• **YOUR TASK**
The stretch wanted below opens at the line containing "Lattiat (parketti), erillisuuni" and closes at the line containing "헬로키티 여성용 다용도". Please return it exactly, with no other lines.

• **DATA PROVIDED**
[Start of section]

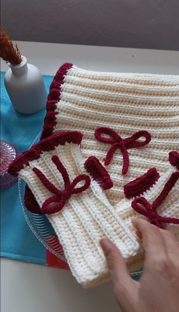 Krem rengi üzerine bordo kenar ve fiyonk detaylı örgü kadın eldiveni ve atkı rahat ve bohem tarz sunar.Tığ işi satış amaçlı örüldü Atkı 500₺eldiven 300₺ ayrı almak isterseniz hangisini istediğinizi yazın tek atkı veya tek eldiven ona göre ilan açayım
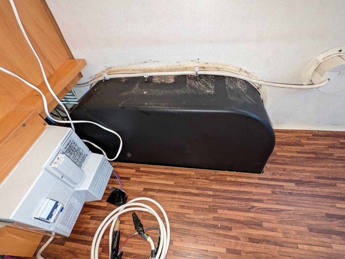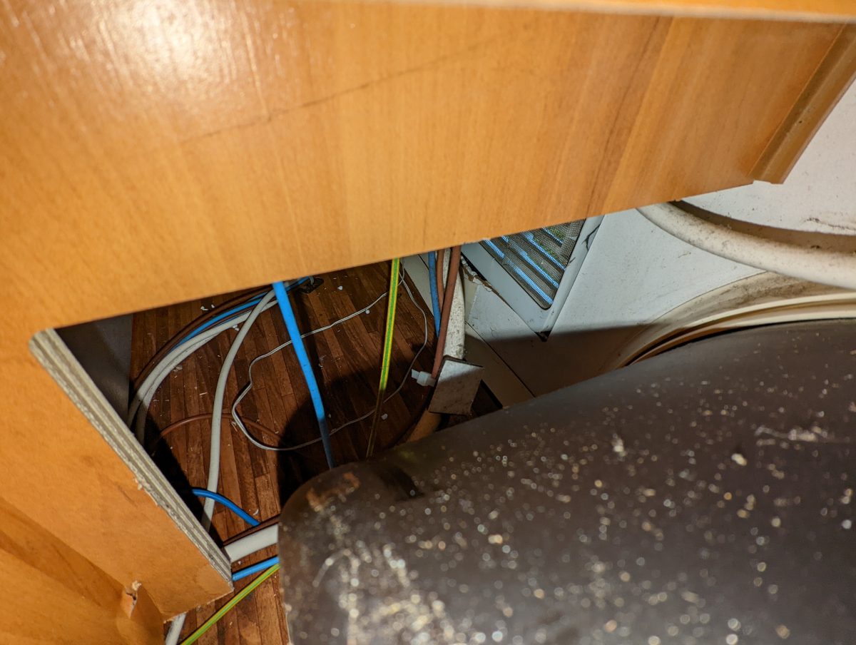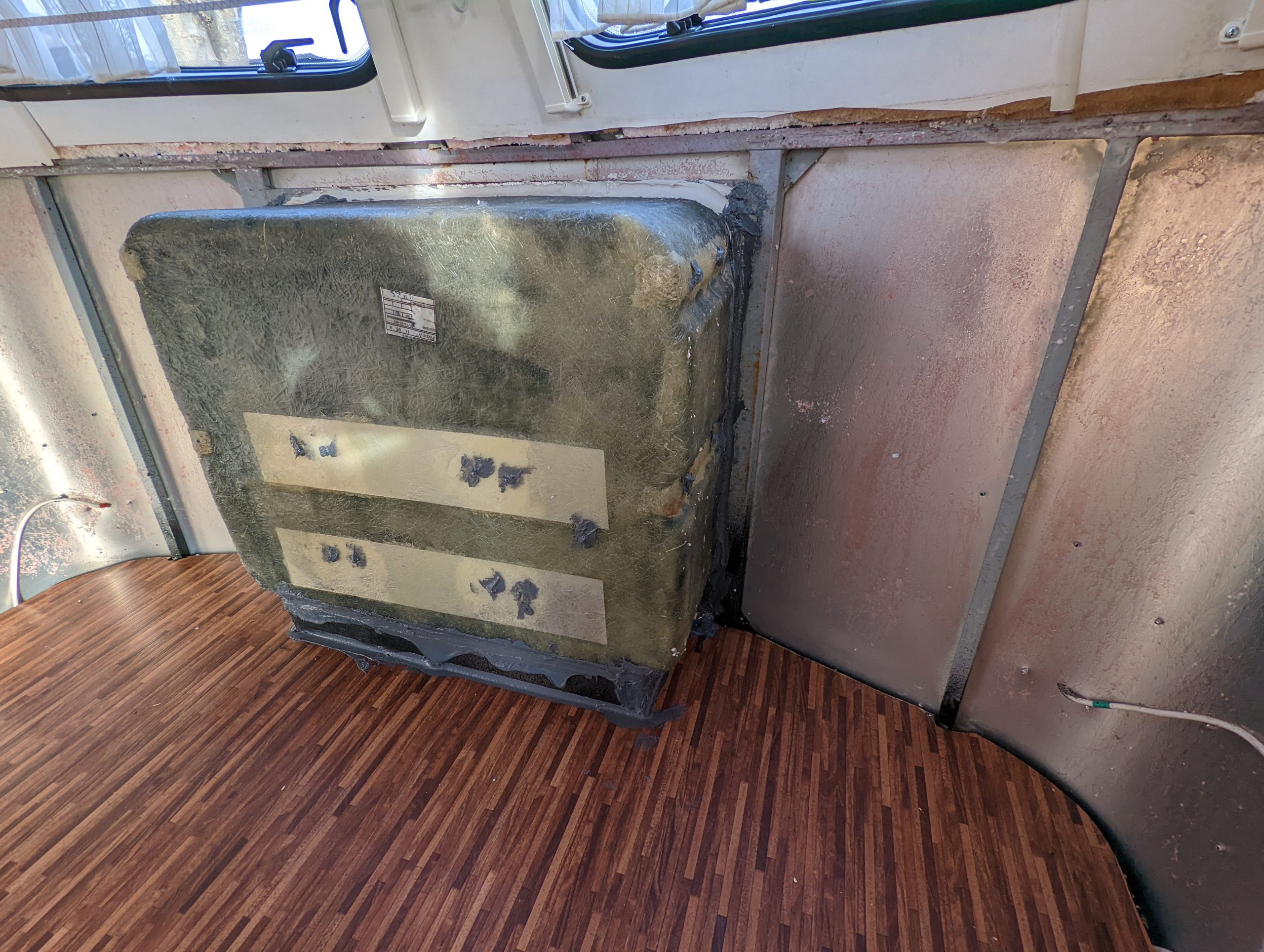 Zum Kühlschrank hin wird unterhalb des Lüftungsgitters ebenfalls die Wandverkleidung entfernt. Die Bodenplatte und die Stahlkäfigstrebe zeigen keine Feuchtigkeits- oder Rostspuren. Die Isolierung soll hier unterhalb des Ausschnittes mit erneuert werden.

[End of section]
[Start of section]

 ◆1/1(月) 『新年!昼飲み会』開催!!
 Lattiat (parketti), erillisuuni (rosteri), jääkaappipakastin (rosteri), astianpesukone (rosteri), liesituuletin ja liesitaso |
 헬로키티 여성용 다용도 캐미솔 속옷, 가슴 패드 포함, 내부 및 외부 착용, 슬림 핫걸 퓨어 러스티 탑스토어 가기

[End of section]

• **WRITTEN ANSWER**
 Lattiat (parketti), erillisuuni (rosteri), jääkaappipakastin (rosteri), astianpesukone (rosteri), liesituuletin ja liesitaso |
 헬로키티 여성용 다용도 캐미솔 속옷, 가슴 패드 포함, 내부 및 외부 착용, 슬림 핫걸 퓨어 러스티 탑스토어 가기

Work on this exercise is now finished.